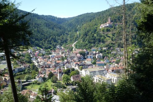 Nach der Rast folgten wir dem breiten Waldweg mit schönen Ausblicken auf Bad Liebenzell abwärts bis zum Waldfriedhof um danach gleich wieder nach Monakam bergauf zu schnaufen. Am Ortsende von Monakam verlockte ein kleiner Biergarten zu einer kurzen Trink- und Regenerationspause.
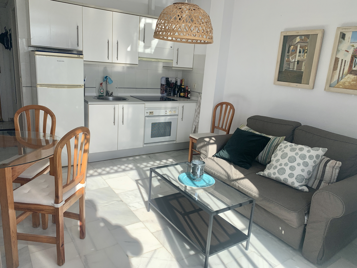 Vi har netop modtaget denne meget fine og friske lejlighed i det populære område Verano Azul i Nerja. Beliggende på øverste etage med fantastisk udsigt over Middelhavet og de omkringliggende bjerge. Ejendommen har 2 soveværelser, 1 badeværelse. Åbent køkken til stue. Aircondition med varmt og koldt klimaanlæg. God terrasse med masser af sol og en enorm udsigt.
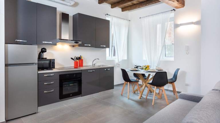 Naviglio suite apartments bietet eine komfortable Unterkunft mit Flussblick und kostenlosem WLAN. Die Apartments sind modern eingerichtet und beinhalten verschiedene Annehmlichkeiten. Jede Einheit ist mit einem eigenen Badezimmer ausgestattet.
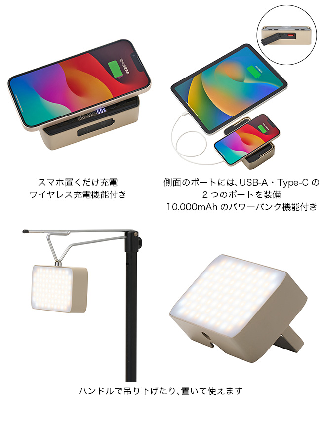 ・ワイヤレス充電・USB・Type-Cに対応する10000mAhパワーのランタン

PROBLEM DESCRIPTION: Exactly as they appear, transcribe the lines from the top of the material above through the line with "Vi har netop". Omit any picture.

SOLUTION FOR THIS EXERCISE:
 Nach der Rast folgten wir dem breiten Waldweg mit schönen Ausblicken auf Bad Liebenzell abwärts bis zum Waldfriedhof um danach gleich wieder nach Monakam bergauf zu schnaufen. Am Ortsende von Monakam verlockte ein kleiner Biergarten zu einer kurzen Trink- und Regenerationspause.
 Vi har netop modtaget denne meget fine og friske lejlighed i det populære område Verano Azul i Nerja. Beliggende på øverste etage med fantastisk udsigt over Middelhavet og de omkringliggende bjerge. Ejendommen har 2 soveværelser, 1 badeværelse. Åbent køkken til stue. Aircondition med varmt og koldt klimaanlæg. God terrasse med masser af sol og en enorm udsigt.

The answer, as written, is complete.